Try it –
From the first line to the last, transcribe the data exactly and skip the pictures.

Dataset section –
· · · · ·
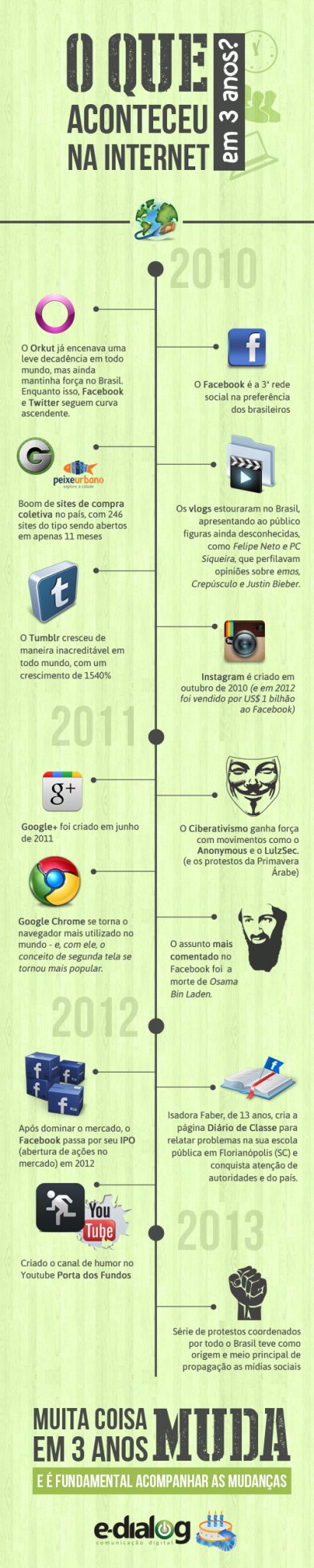 A E-Dialog completou 3 anos de vida. E muita coisa aconteceu na Internet nesses 3 anos. O mundo mudou bastante por conta das redes sociais, novos recursos interativos chegaram a esse mundo (como os Hangouts do Google, por exemplo), redes subiram e desceram em popularidade.
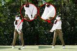 まずは画像Aをご覧ください。左手をややかぶせて握るストロンググリップで、左腕とクラブが一直線になるように構えています。両ひざの間隔とひざの向きに注目してみると、画像Aの右、トップの位置で左ひざはあまり内側に入っていません。これはアドレスで両ひざの向きが内向きにならずにやや外側を向いているから。
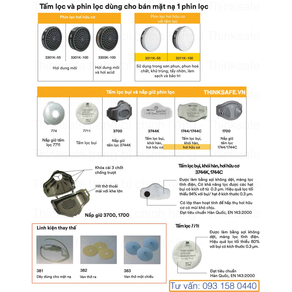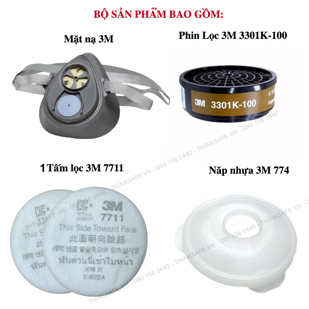 - Thành phần phin lọc 3M 3301k-100 có than hoạt tính có tác dụng lọc các khí độc hại, không làm ảnh hưởng tới người sử dụng. Phần màng poly thì có tác dụng chủ yếu để lọc hơi độc và các loại hạt bụi bẩn, kể cả những hạt bụi rất nhỏ. Chống hoá chất, chống độc, phun sơn, phun xịt thuốc sâu, hữu cơ/ACID.
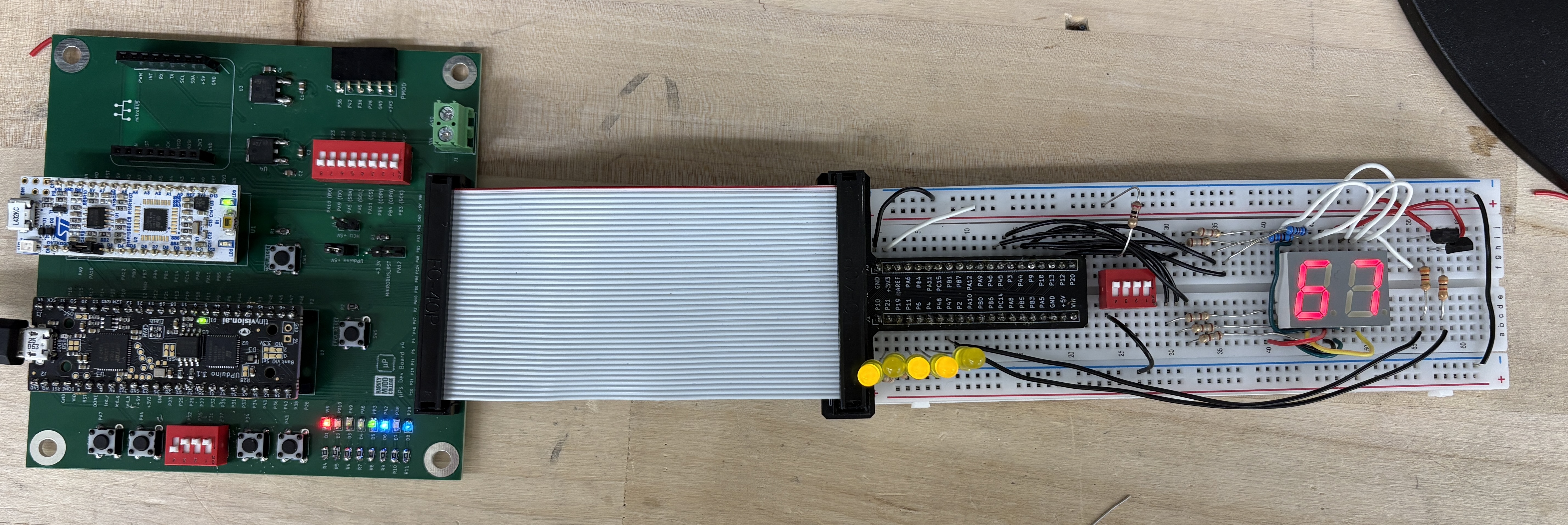 On the breadboard, the common terminals of the two seven-segment displays were bridged so that a single set of 7 pins could be used to drive both displays. A PNP transistor was used to selectively power one display at a time, by connecting an FPGA pin to the base of the transistor through a 3k resistor.
· · · · ·
Solved problem –
 A E-Dialog completou 3 anos de vida. E muita coisa aconteceu na Internet nesses 3 anos. O mundo mudou bastante por conta das redes sociais, novos recursos interativos chegaram a esse mundo (como os Hangouts do Google, por exemplo), redes subiram e desceram em popularidade.
 まずは画像Aをご覧ください。左手をややかぶせて握るストロンググリップで、左腕とクラブが一直線になるように構えています。両ひざの間隔とひざの向きに注目してみると、画像Aの右、トップの位置で左ひざはあまり内側に入っていません。これはアドレスで両ひざの向きが内向きにならずにやや外側を向いているから。
 - Thành phần phin lọc 3M 3301k-100 có than hoạt tính có tác dụng lọc các khí độc hại, không làm ảnh hưởng tới người sử dụng. Phần màng poly thì có tác dụng chủ yếu để lọc hơi độc và các loại hạt bụi bẩn, kể cả những hạt bụi rất nhỏ. Chống hoá chất, chống độc, phun sơn, phun xịt thuốc sâu, hữu cơ/ACID.
 On the breadboard, the common terminals of the two seven-segment displays were bridged so that a single set of 7 pins could be used to drive both displays. A PNP transistor was used to selectively power one display at a time, by connecting an FPGA pin to the base of the transistor through a 3k resistor.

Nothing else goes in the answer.